And the amount of money at stake here is massive — Trump’s lawyers estimate that the tariffs “will reduce federal deficits by $4 trillion in the coming years.” Yale’s Budget Lab estimates that they will raise $2.4 trillion if they remain in effect for 2026-35.
Trump, in other words, claims the power to levy trillions of dollars worth of new taxes without seeking new legislation from Congress.
The second case is Department of State v. AIDS Vaccine Advocacy Coalition, which is currently pending on the Court’s “shadow docket,” a mix of emergency motions and other matters that the Court often decides without explanation. AIDS Vaccine involves “impoundment,” a president’s refusal to spend money that he is required to spend under a federal appropriations law.
Until very recently, there was widespread consensus that impoundment is illegal. In a 1969 Justice Department memo, future Chief Justice William Rehnquist wrote that “it is in our view extremely difficult to formulate a constitutional theory to justify a refusal by the President to comply with a congressional directive to spend.” And even some members of the current Court’s Republican majority have expressed skepticism about impoundment in the past.

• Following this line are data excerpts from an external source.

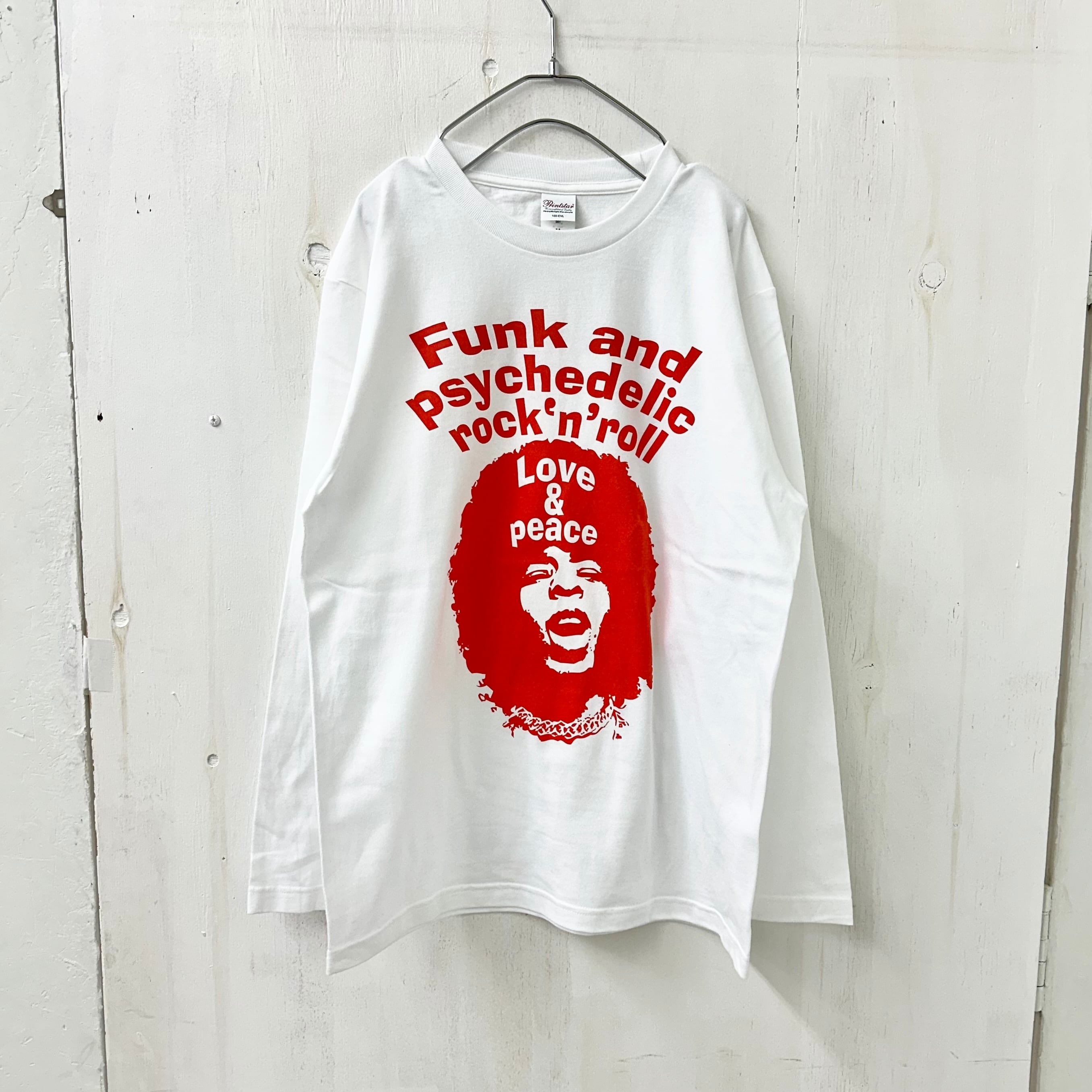 【STRIPE BALLOON】5.6oz 長袖 TEE『FUNK&PSYCHEDELIC』ホワイトXバーミリオン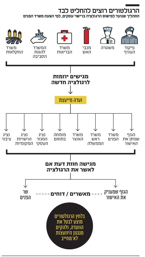חילוקי דעות מאיימים לעקר מרכיב מרכזי ברפורמה המתוכננת בהליכי רישוי והקמה של עסקים. מנוסח ההחלטה שמגבש משרד הפנים נמחק ביממה האחרונה כל זכר לוועדה משותפת לממשלה, לרגולטורים ולמגזר העסקי, שהיתה אמורה לצמצם דרישות רגולטוריות חדשות.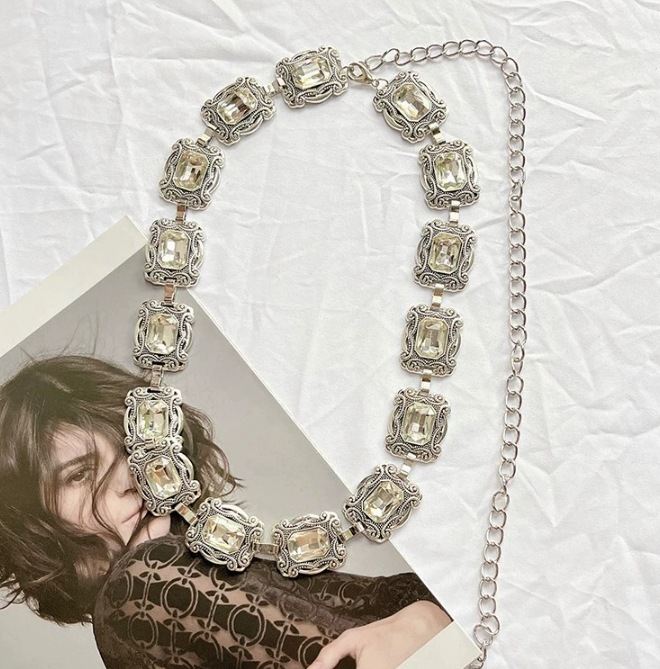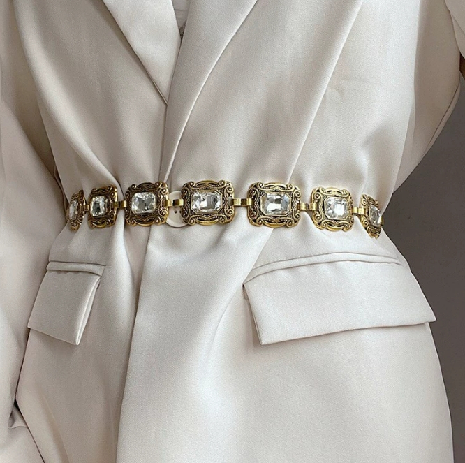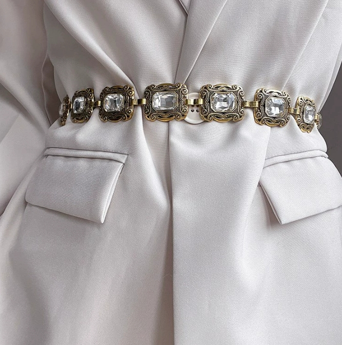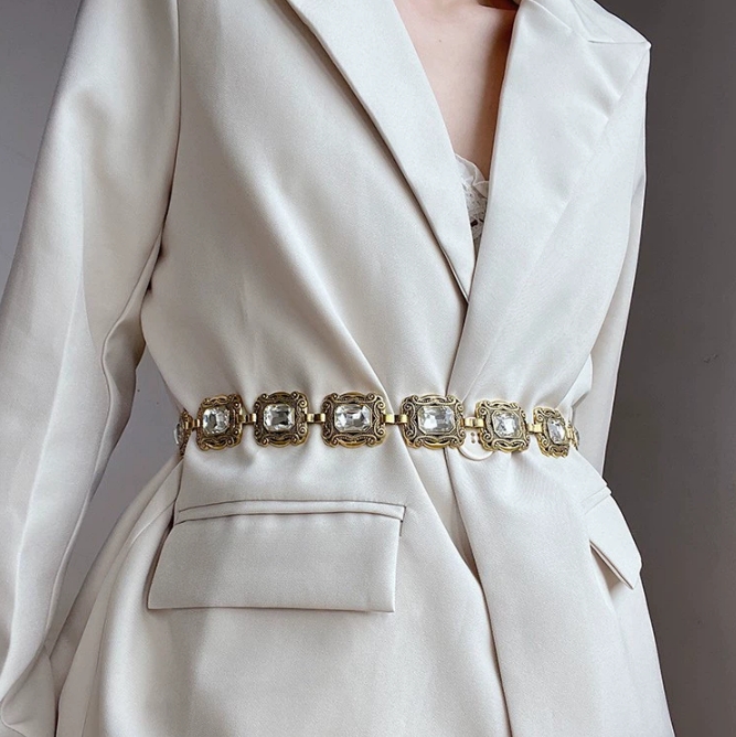 高级感腰链配饰女水钻链条腰带装饰配连衣裙子毛衣西装牛仔裤链子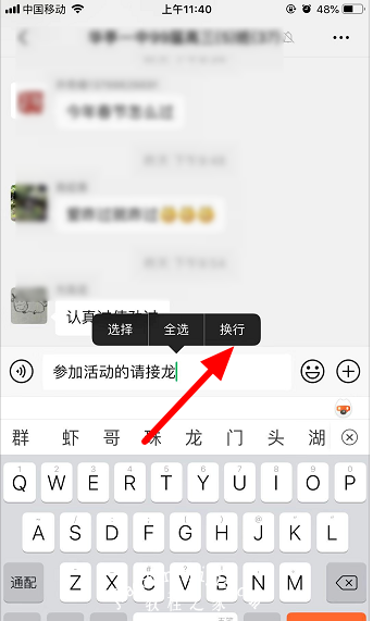 2.然后输入含有“报名”或“接龙”两字的一句话,点击输入框,跳出提示框,点击“换行”。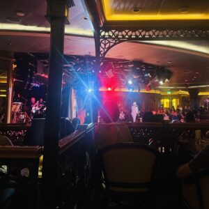 20:15からは7階〝エクスプローラーズラウンジ〟でサックスメインのバンド演奏を鑑賞。カンパリソーダやハイボール等を飲みながらジャズやJポップの生演奏を楽しみました。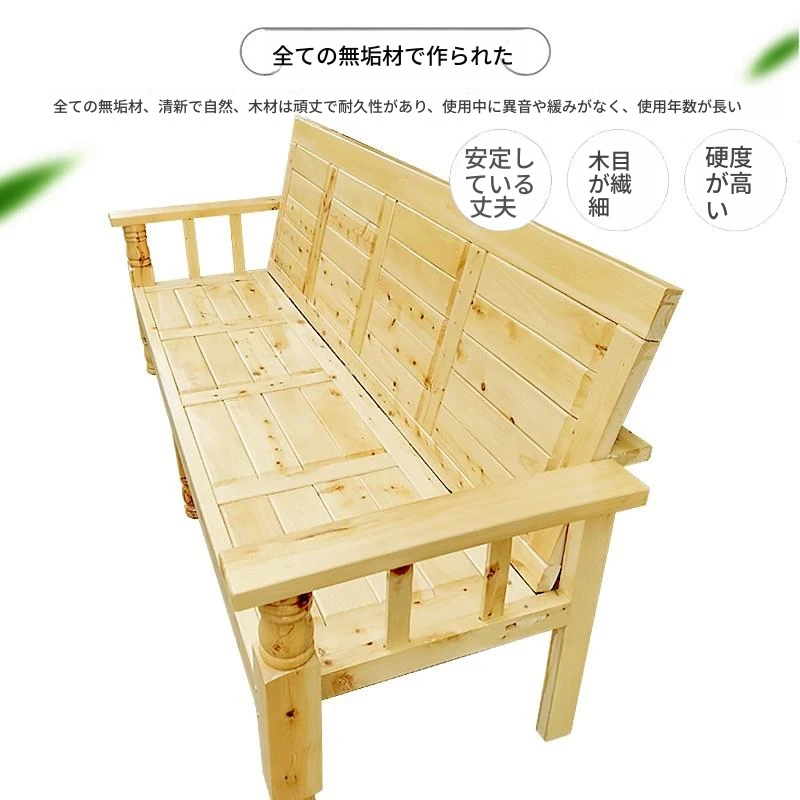 8V全木製デザインの2人掛けソファベッド、小型住宅向けのラクなソファチェアセット。折りたたみ可能なパイン材使用で、スペースを有効活用!020182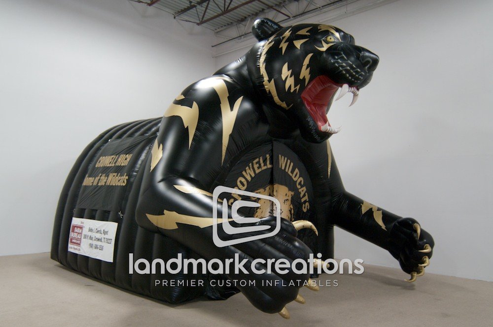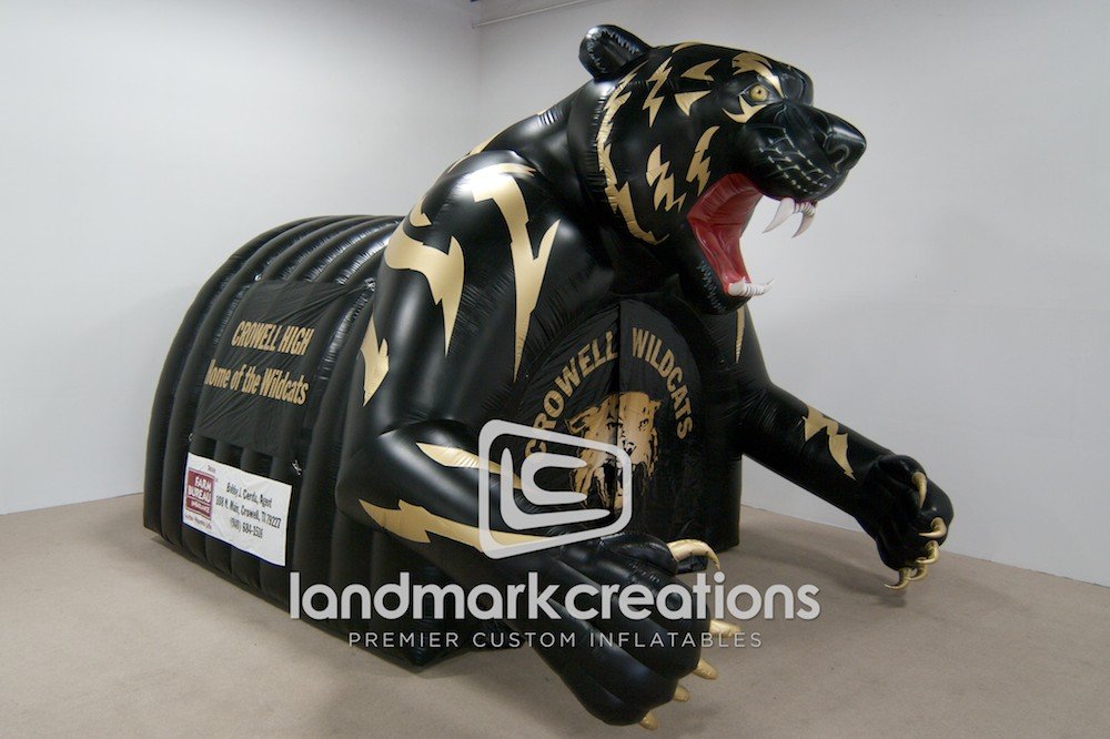 Players of the Crowell Wildcats football team in Texas make a wild entrance through this 14-foot mascot-topped inflatable sports tunnel during home games.

Yet, in an ominous sign that this Court may allow Trump to impound funds anyway, Chief Justice John Roberts issued a brief order last week permitting Trump to temporarily impound foreign aid funds while the Court considers the AIDS Vaccine case.
The final case is Trump v. Cook, which is likely to reach the Supreme Court as soon as Tuesday. Cook involves Trump’s attempt to fire a member of the Federal Reserve’s Board of Governors, in violation of a federal statute which only allows Fed governors to be fired “for cause.” Late on Monday, a federal appeals court denied Trump this power — although it did so over the dissent of a judge who previously worked in Trump’s White House.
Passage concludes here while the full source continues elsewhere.